In recent years, coping with the problem of agro-byproduct accumulation and disposal has created new potential for the profitable and eco-friendly management of food and agro-waste through the use of innovative analytical strategies. In the current project, the results of the implementation of UAE and MAE for the recovery of carotenoids and other bioactive co-extractives from apricot pulp are summarized below.

Carotenoids from apricot byproducts were obtained in higher amounts when MAE was applied. Compared to classic extraction (the Folch method), high energy extractions provided higher (19-times more in the case of MAE) carotenoid yields.

Reflecting on the concept of transforming a byproduct to high-added value products, the potential of NMR spectroscopy for apricot byproducts was explored.

Despite the fact that MAE provided higher carotenoid yields, the main co-extractives of these samples were sugars, whose removal and clean-up could be more challenging and laborious than for other co-extractives.

Furthermore, extracts of Group 2 (Table S5), mostly obtained by UAE at a high US power and solvent/material ratio, can result in an extract with combined biological activities due to their significant content of carotenoids (improving eye health, immune-modulating properties, anti-allergic, anti-aging, and sun-protective activity) [13,54], choline (enhancing brain health and cognitive function, affecting detoxification pathways and organs, such as the liver and kidneys) [55,56,57], myo-inositol (promoting female fertility, treating polycystic ovary syndrome, reducing anxiety, and restoring insulin resistance) [58,59,60], and unsaturated fatty acids (health-promoting agents against fat burning, affecting inflammation, steroid signaling, and membrane-bound protein functions, participating in glucose/lipid metabolism) [61,62,63].

Although MAE provided extracts with higher carotenoids yields, in the case of a prospective scaling-up of high energy extraction processes in the field of nutraceuticals or cosmetics, UAE will probably emerge as a more suitable approach, as it delivered extracts with a significant carotenoid content, rich in other bioactive constituents (choline, myo-inositol, and fatty acids), and with a lower sugar concentration, compared to MAE extracts.

Therefore, summarizing the results of this research, high energy extraction methods emerge as an attractive alternative for tackling any challenges or drawbacks of the current large-scale extraction methods from an industrial point of view, as they provide high quality extracts.

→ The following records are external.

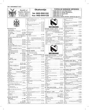 Water Sewerage................................081 269 8602 Noord St Box 620 Okahandja NEDBANK Fax ........................................................................ 50 4730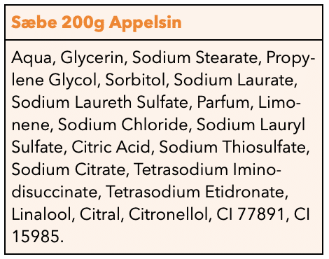 Ingredienser : Aqua, Glycerin, Sodium Stearate, Propylene Glycol, Sorbitol, Sodium Laurate, Sodium Laureth Sulfate, Parfum, Limonene, Sodium Chloride, Sodium Lauryl Sulfate, Citric Acid, Sodium Thiosulfate, Sodium Citrate, Tetrasodium Iminodisuccinate, Tetrasodium Etidronate, Linalool, Citral, Citronellol, CI 77891, CI 15985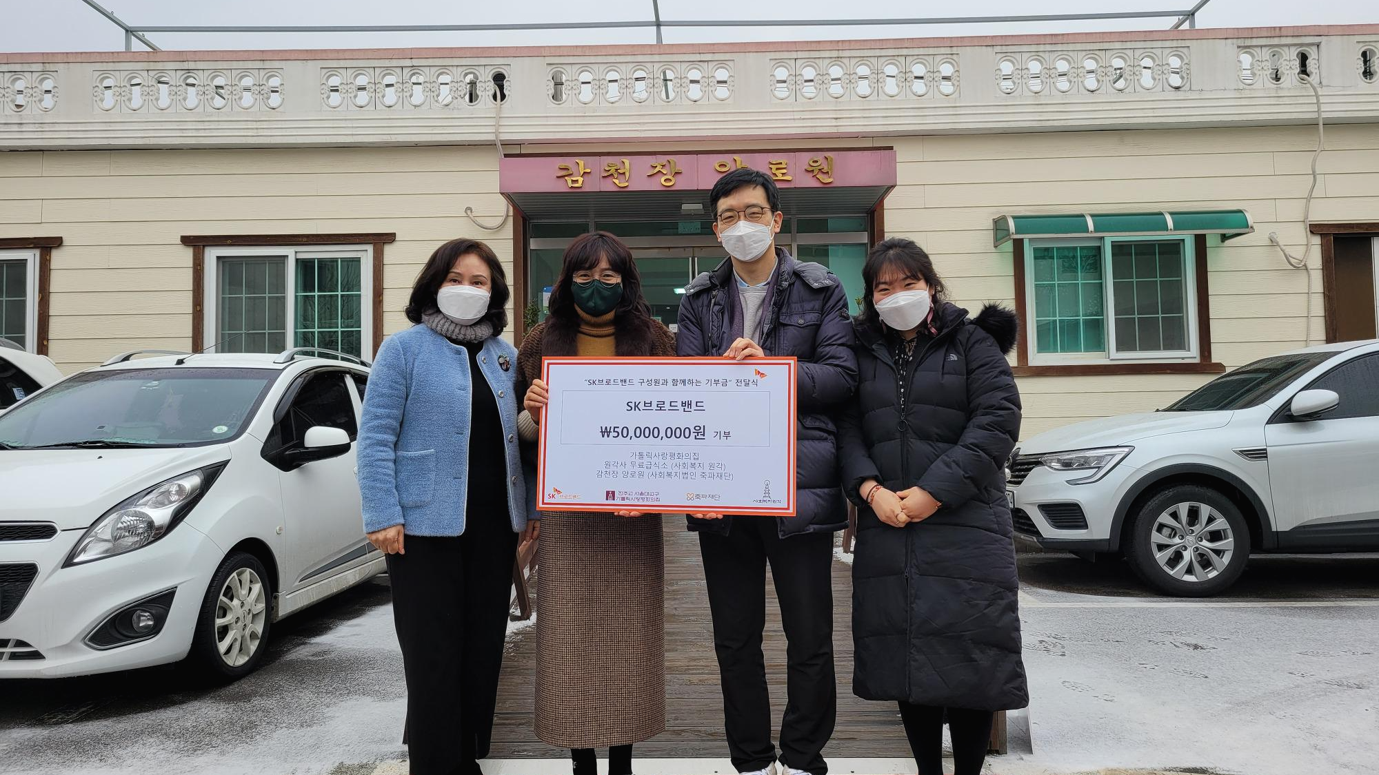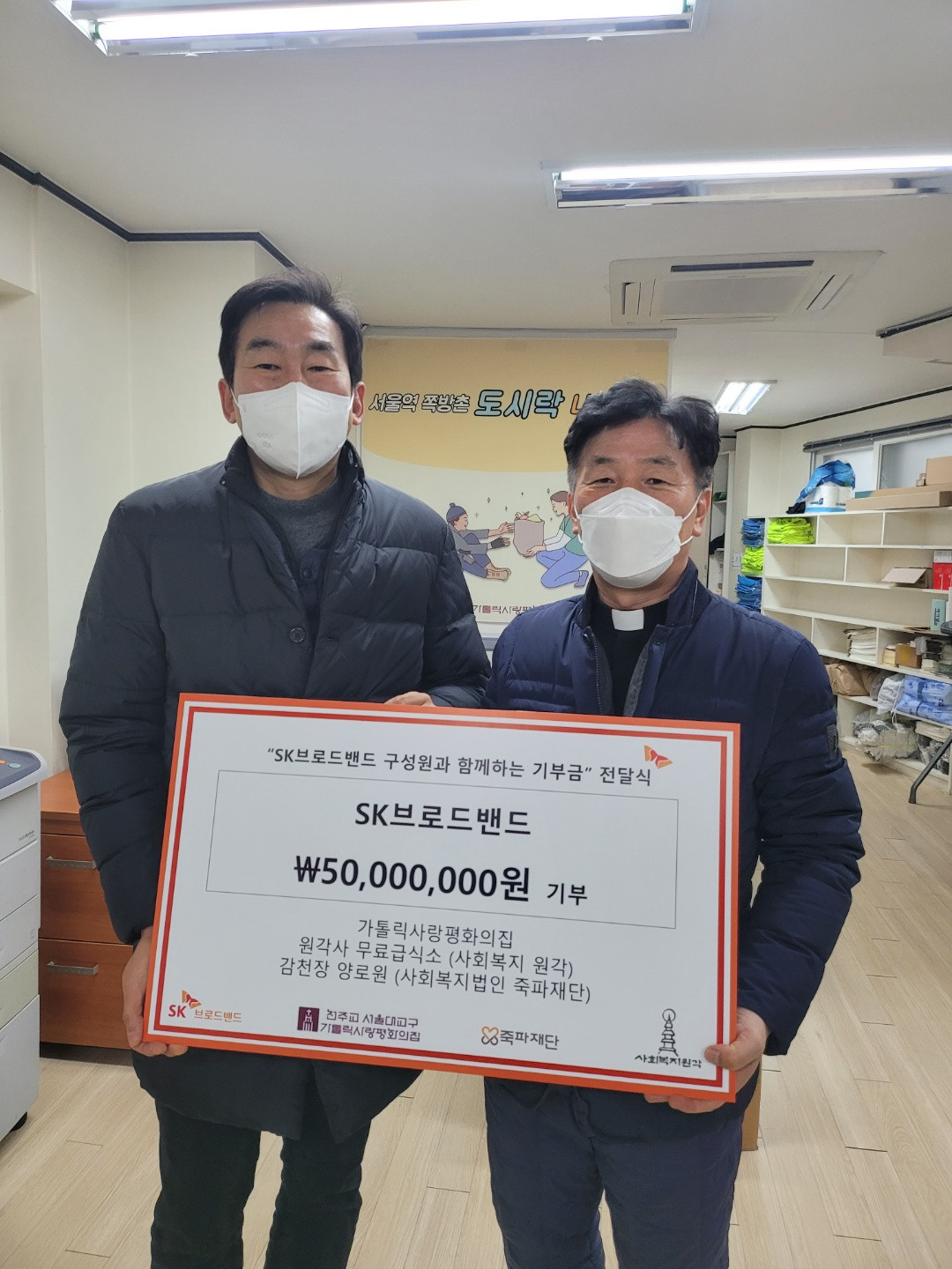 이번 기부금은 코로나19 장기화와 겨우살이로 이중고를 겪는 이웃을 돕기 위해 SK브로드밴드 구성원이 자발적으로 참여하고, 회사의 지원금을 더해 모금됐다.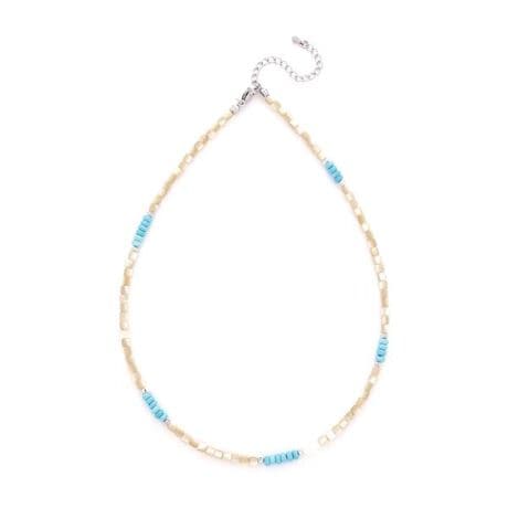 カラーミックスが春夏らしいネックレス。胸元にさりげない輝きと上品さをプラスします。シンプルなデザインなので、お持ちのネックレスとの重ねづけも楽しめます。※モデルの着用画像の場合、光の当たり具合により、実際の色味と異なって見えることがございます。色味は、商品単体の画像をご参照ください。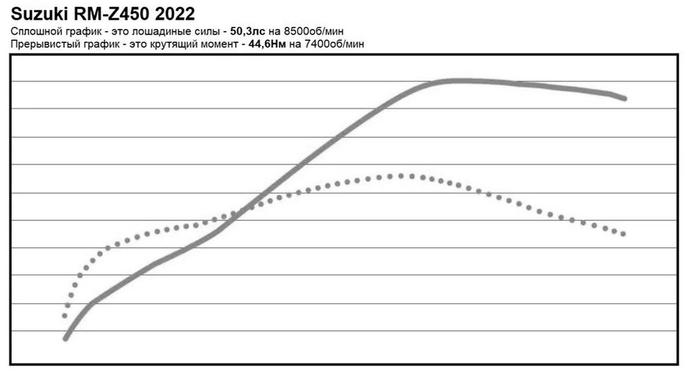 Suzuki RM-Z450 2022 года с только что заменённым воздушным фильтром и обутым в дорожный Dunlop D404 задним колесом выдаёт довольно знакомые цифры - 50,3лс на 8500об/мин и 44,6Нм на 7400об/мин.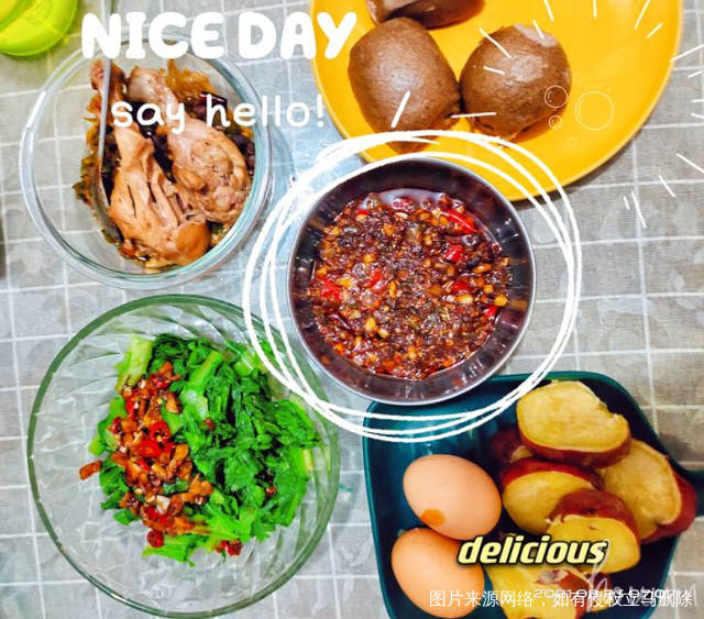 #第5天# 早,鸡蛋一个+鸡腿一个+菜+全麦馒头一个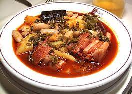 Poner el día anterior las "fabes" en remojo en agua fría. Cocer las judías hasta que estén tiernas. Pelar y picar la cebolla y el diente de ajo. Cortar el tocino y el chorizo. Escurrir las judías ya cocidas y reservar el caldo. En un pote con aceite hirviendo, sofreir la cebolla, el ajo, el jamón, el chorizo y el tocino. Cuando empiece todo a tomar color, añadir las judías y 1/4 de litro de caldo. Salpimentar y dejar a fuego lento durante media hora.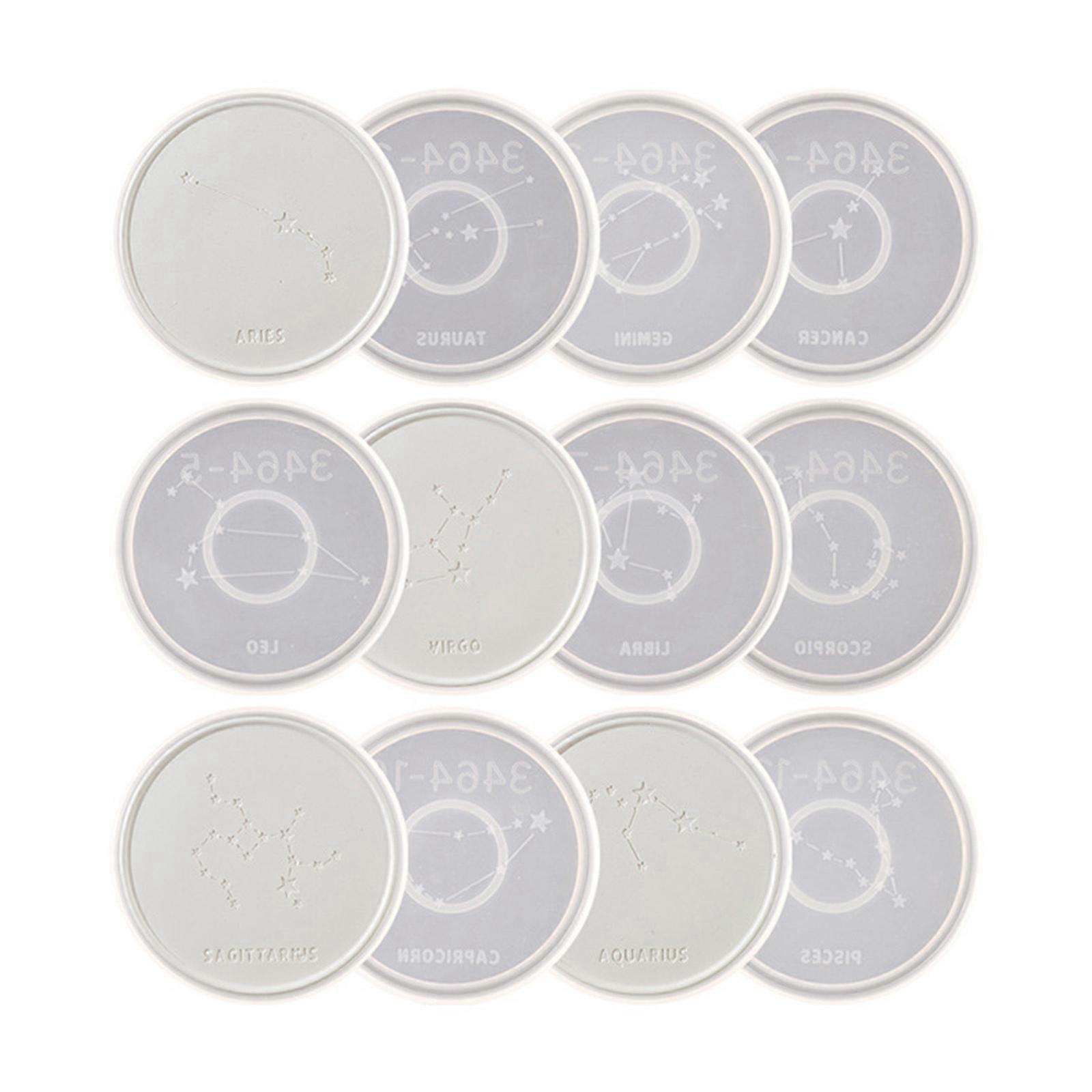 12 Constellation Coaster Molds 12Pcs Silicone Epoxy Resin Tray Mould for Handmade DIY Plaster Candle Soap Aromatherapy Mold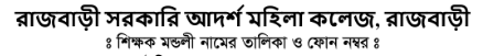 শিক্ষক মন্ডলীর নামের তালিকা ও ফোন নম্বর, রাজবাড়ী সরকারি আদর্শ মহিলা কলেজ, রাজবাড়ী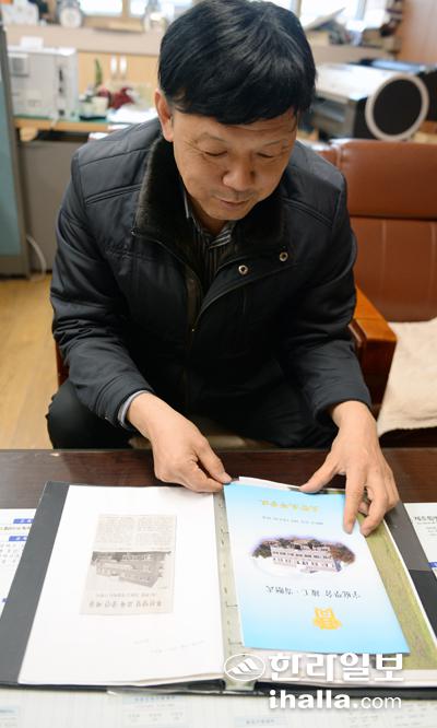 오현고 우정학사의 준공·기증식 등에 대한 기록을 설명하고 있는 강재길 부장.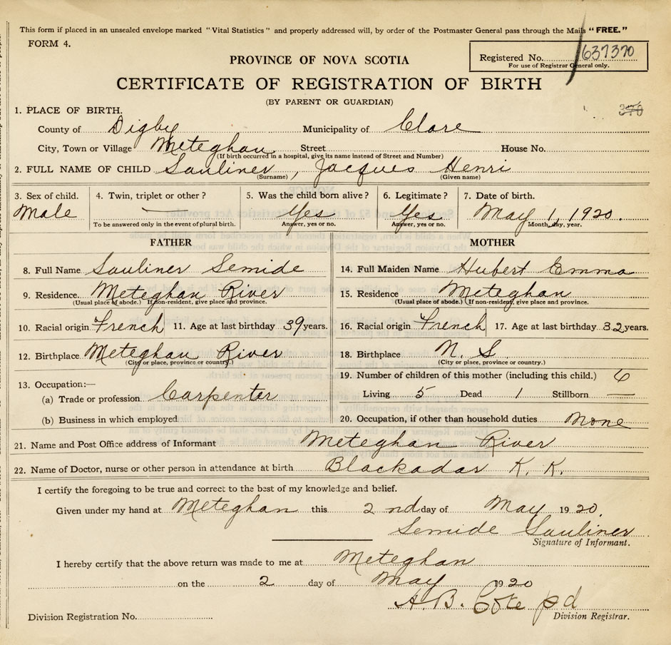 21. Name and Post Office address of Informant Semide Saulnier Meteghan River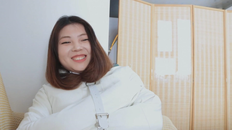 采用了拘束衣+足枷的新式玩法,足枷这个东西还蛮贵的,而且老哥用的时候还用反了,但并不影响整体效果,我用了很多道具,包括按摩油,经络刷,金属痒痒挠、金属滚轮和电动牙刷子之类的,雅倩的大脚板估计得将近40码了,TK起来非常过瘾,而且反应也颇为可爱,后来又给她戴上了口球,呻吟声更加诱人,新年期间,看点这样“欢乐”的作品我觉得还是蛮不错的。

These results should be considered as an elementary index or starting point for the development of nutraceutical supplements.

This study is the first to integrate high energy extraction techniques, DOE models, LC-MS/MS, and NMR spectroscopy, in order to correlate extracts of different carotenoid yields with particular secondary metabolites by adjusting UAE or MAE parameters and to allow imminent standardization of the extraction procedure to obtain multi-targeted and multi-functional natural extracts. In that way, high energy extractions can be re-evaluated and upgraded to reliable sample preparation steps in the field of plant metabolomics.